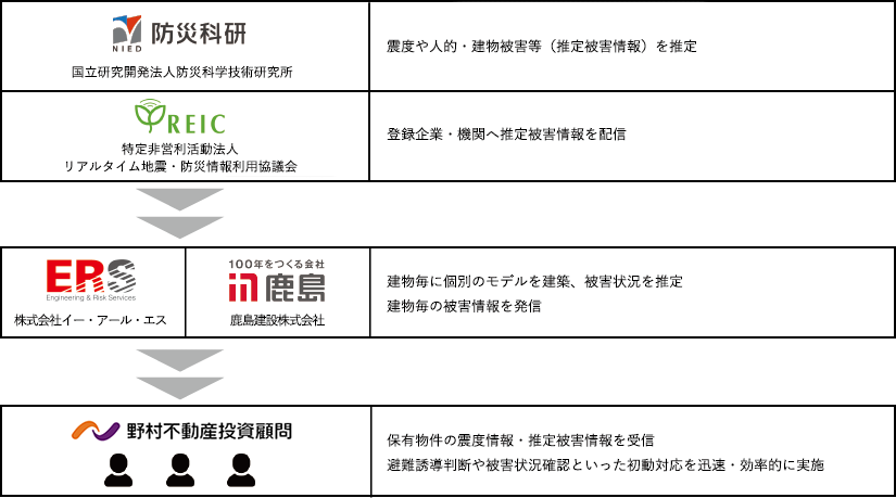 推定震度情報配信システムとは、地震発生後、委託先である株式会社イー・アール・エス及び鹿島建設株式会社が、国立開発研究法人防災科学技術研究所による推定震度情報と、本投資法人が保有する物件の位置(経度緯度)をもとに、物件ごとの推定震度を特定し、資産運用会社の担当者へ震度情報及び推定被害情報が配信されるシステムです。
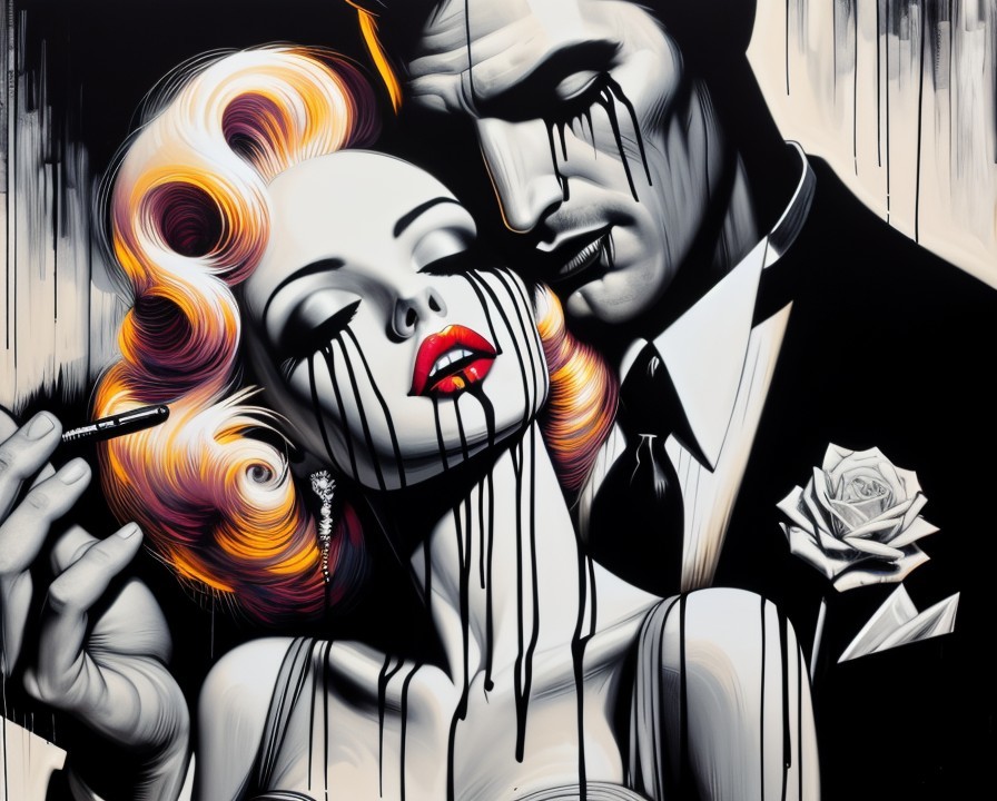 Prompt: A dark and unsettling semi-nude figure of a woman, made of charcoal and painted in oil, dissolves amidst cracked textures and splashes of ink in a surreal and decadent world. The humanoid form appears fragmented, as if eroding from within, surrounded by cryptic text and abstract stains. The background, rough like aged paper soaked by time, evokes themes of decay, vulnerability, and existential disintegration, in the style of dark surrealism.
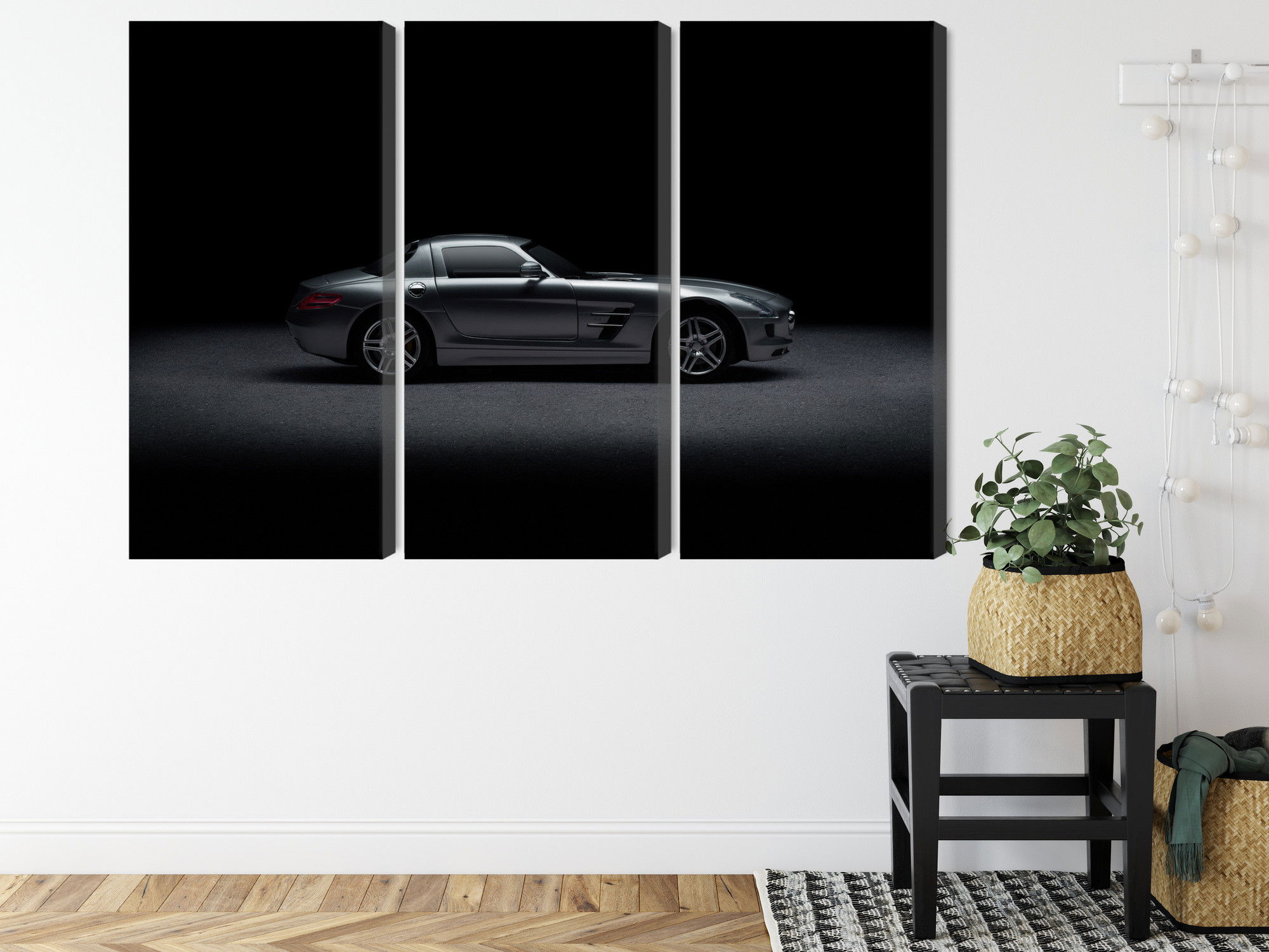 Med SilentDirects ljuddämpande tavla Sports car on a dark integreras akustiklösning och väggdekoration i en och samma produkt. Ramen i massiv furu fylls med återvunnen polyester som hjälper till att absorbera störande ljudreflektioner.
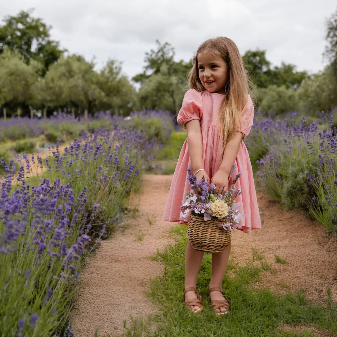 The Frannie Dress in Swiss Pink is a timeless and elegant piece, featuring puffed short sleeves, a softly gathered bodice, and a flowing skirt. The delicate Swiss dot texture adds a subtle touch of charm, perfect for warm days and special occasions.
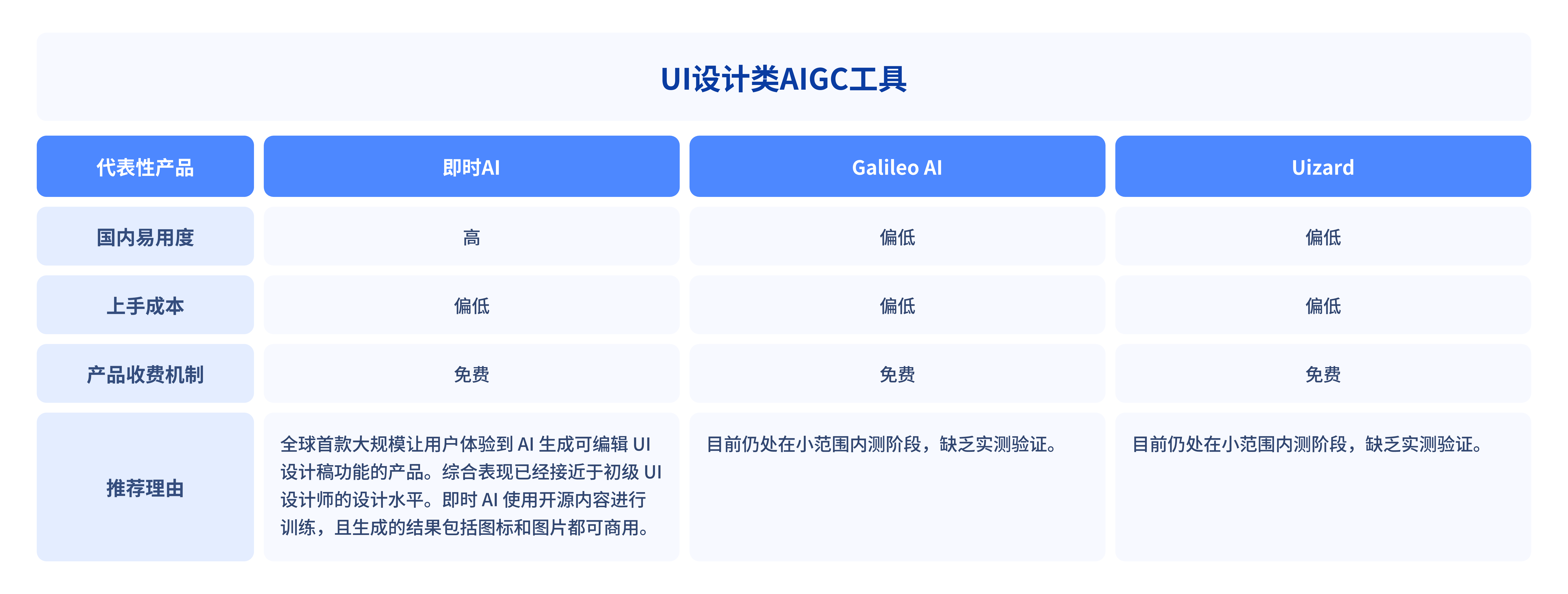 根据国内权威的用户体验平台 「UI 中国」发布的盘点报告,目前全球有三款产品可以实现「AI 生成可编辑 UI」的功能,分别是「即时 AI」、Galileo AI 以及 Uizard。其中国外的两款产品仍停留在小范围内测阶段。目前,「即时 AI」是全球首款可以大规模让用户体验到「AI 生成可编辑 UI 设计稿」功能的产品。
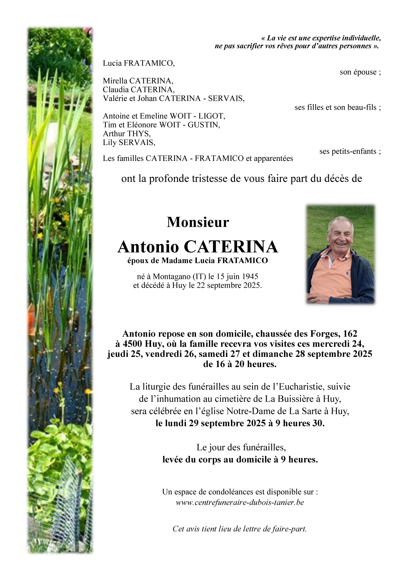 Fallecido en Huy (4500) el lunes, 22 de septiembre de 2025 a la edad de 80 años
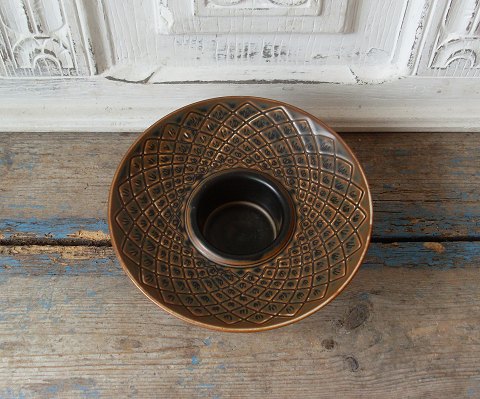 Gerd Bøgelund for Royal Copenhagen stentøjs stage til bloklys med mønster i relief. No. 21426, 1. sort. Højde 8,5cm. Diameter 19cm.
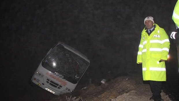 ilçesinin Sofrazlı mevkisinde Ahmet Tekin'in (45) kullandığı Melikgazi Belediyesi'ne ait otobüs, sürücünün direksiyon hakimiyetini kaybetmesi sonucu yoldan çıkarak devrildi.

WORK REQUIRED: Without any pictures, write out the lines running from the one containing "The Frannie Dress" through the end of the listing above, both included, exactly as given.

YOUR SOLUTION:
 The Frannie Dress in Swiss Pink is a timeless and elegant piece, featuring puffed short sleeves, a softly gathered bodice, and a flowing skirt. The delicate Swiss dot texture adds a subtle touch of charm, perfect for warm days and special occasions.
 根据国内权威的用户体验平台 「UI 中国」发布的盘点报告,目前全球有三款产品可以实现「AI 生成可编辑 UI」的功能,分别是「即时 AI」、Galileo AI 以及 Uizard。其中国外的两款产品仍停留在小范围内测阶段。目前,「即时 AI」是全球首款可以大规模让用户体验到「AI 生成可编辑 UI 设计稿」功能的产品。
 Fallecido en Huy (4500) el lunes, 22 de septiembre de 2025 a la edad de 80 años
 Gerd Bøgelund for Royal Copenhagen stentøjs stage til bloklys med mønster i relief. No. 21426, 1. sort. Højde 8,5cm. Diameter 19cm.
 ilçesinin Sofrazlı mevkisinde Ahmet Tekin'in (45) kullandığı Melikgazi Belediyesi'ne ait otobüs, sürücünün direksiyon hakimiyetini kaybetmesi sonucu yoldan çıkarak devrildi.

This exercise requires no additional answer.